In diesen Tagen sitzen die bayerischen Abiturienten über den Abschlussprüfungen. Jetzt müssen sie zeigen, was sie in den vergangenen zwei Jahren in der Oberstufe vermittelt bekommen haben. In manchen Fächern haben sie tatsächlich fürs Leben gelernt. Beispielsweise in einem Geschichts-Seminar am Lise-Meitner-Gymnasium in Unterhaching.
Dort ging es unter anderem um die vergangenen 100 Jahre. Lehrerin Ursula Honisch war es in ihrem P-Seminar wichtig, nicht nur die historischen Fakten zu vermitteln. Sie untersuchte zusammen mit 15 Schülern, wie sich die Zeitgeschichte auf den Speiseplan auswirkt. „Was die Leute essen, sagt viel aus, unter welchen Umständen sie leben mussten“, ist die Pädagogin überzeugt.
Die spannendste Entdeckung bei „100 Jahre deutsche Esskultur“ war die Steckrübe: In Kriegszeiten einst Hauptnahrungsmittel, weil es kaum etwas anderes gab, dann jedoch völlig vom Speiseplan verbannt. Die Nachkriegsgeneration wollte nichts mehr von den Rüben wissen, das Wurzelgemüse geriet beinahe völlig in Vergessenheit. Erst seit Kurzem erlebt die Steckrübe ein Comeback.
„Als ich sie im Kurs auspackte, kannte keiner die Steckrübe“, erzählt Lehrerin Ursula Honisch. „Ich davor übrigens auch nicht.“
Den Steckrübeneintopf kochen vier der insgesamt 15 Seminarschüler heute ausnahmsweise in der Schulküche. Die übrigen Rezepte haben die Jugendlichen in Zweiergruppen zuhause zubereitet und für die Gruppe dokumentiert. Das Ergebnis: 100 Jahre Esskultur, ein Rezeptheft mit 23 Gerichten und Zeitzeugen-Interviews.

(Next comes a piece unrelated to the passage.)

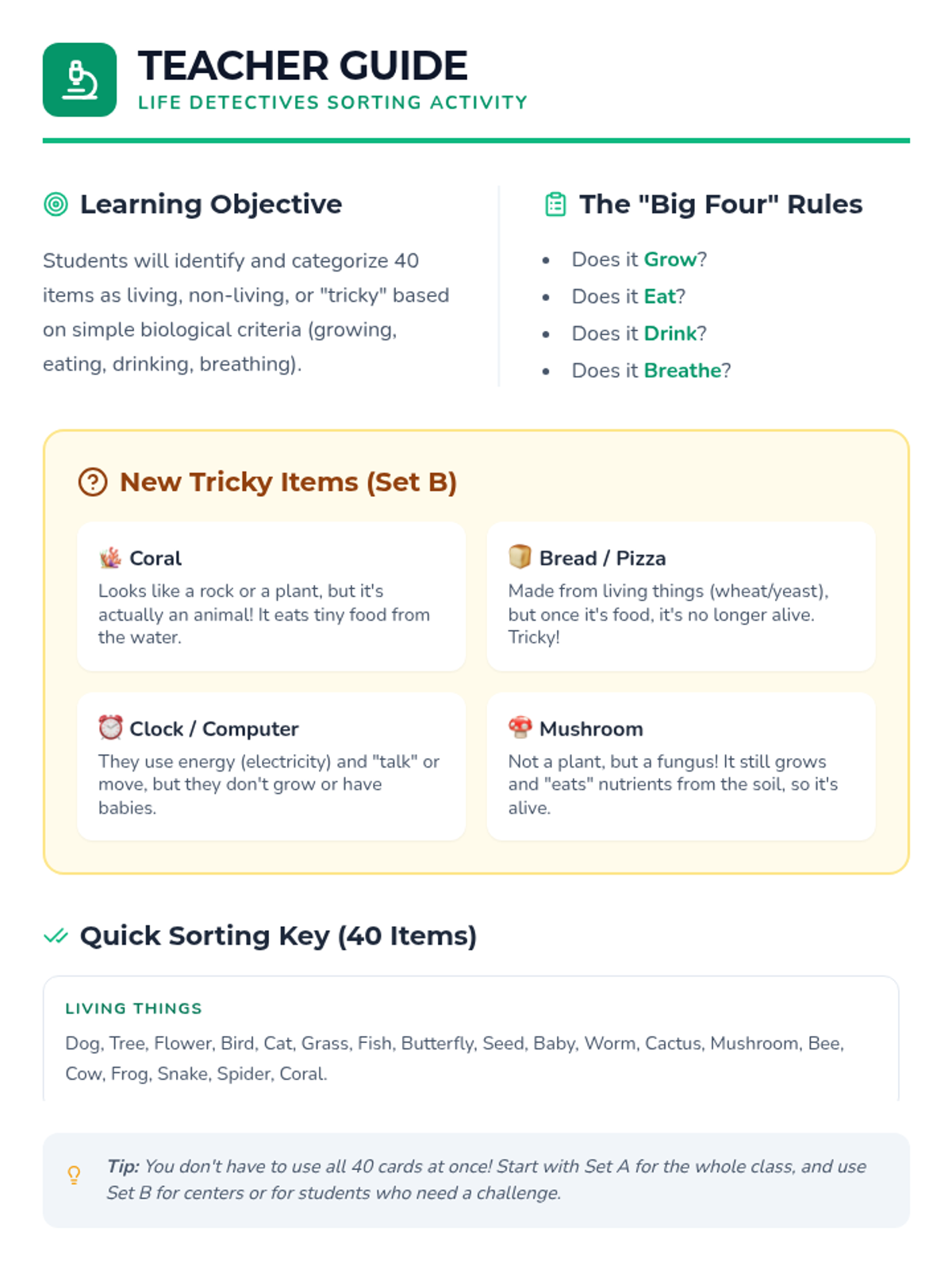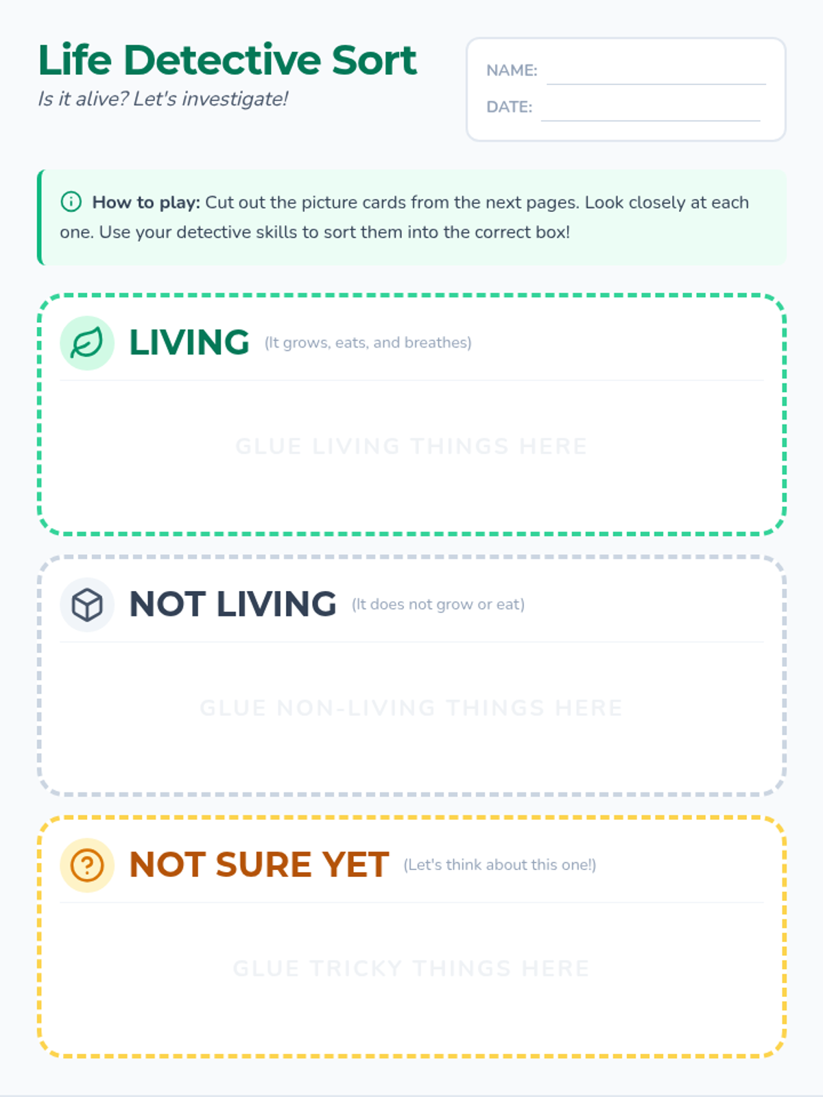 A kindergarten lesson exploring the characteristics of living things through observation and sorting. Students use 'detective skills' to categorize items and discuss tricky cases like seeds and fire.

Soweit möglich haben sich die Schüler dem Thema 100 Jahre deutsche Esskultur mit Zeitzeugen-Gesprächen genähert. Elisabeth Hartmann (18) hat beispielsweise ihre Tante Ursula Franke befragt, wie das früher war. „Sie hat mir viel von damals erzählt. Dinge, die man sonst nur aus Geschichtsbüchern kennt.“ Von ihr weiß die Abiturientin beispielsweise, dass „Essen schon immer ein wichtiger Bestandteil der deutschen Kultur war. Früher ist die ganze Familie zu allen Mahlzeiten zusammengekommen“, berichtet Elisabeth.
Hanah Khachani hat ihre Oma Martha Haas von früher erzählen lassen, wie das in ihrer Familie damals war. Die aus Mittelfranken stammende Großmutter hat ihr von der Milchsuppe berichtet. Ein Armeleuteessen, bei dem Brotwürfel in die gesalzene Milch getaucht wurden.
Hanah Khachani: „Die Leute haben damals versucht, alles selbst anzubauen. Weggeschmissen wurde nichts.“ Erst nach dem Zweiten Weltkrieg sei das Essen üppiger geworden. „Meine Oma hat mir von Himbeerbonbons vorgeschwärmt“, erzählt die Schülerin.
Auf die Wirtschaftswunderjahre mit ihren üppigen Torten folgen internationale Trends: Ab den 1990er Jahren ist sogar die asiatische Küche hierzulande heimisch. Suppen wie die Tom Kha Gai gehören fortan in Deutschland auf den Speiseplan. Die Familie von Anja Spörl steht beispielhaft dafür: „Meine Mutter kommt aus Thailand, bei uns wird traditionell noch viel frisch gekocht.“
Geschichte mit Alltagsrezepten gewürzt – „wir haben viel über unsere Vorfahren und die Alltagskultur erfahren“, sagt Anna Hüsken. Auch, „dass sich Weltwirtschaftskrisen oder große politische Ereignisse wie der Mauerfall auf die Küche auswirken“.
Deutsche Geschichte, bodenständig, üppig, scharf. Aber immer wieder anders.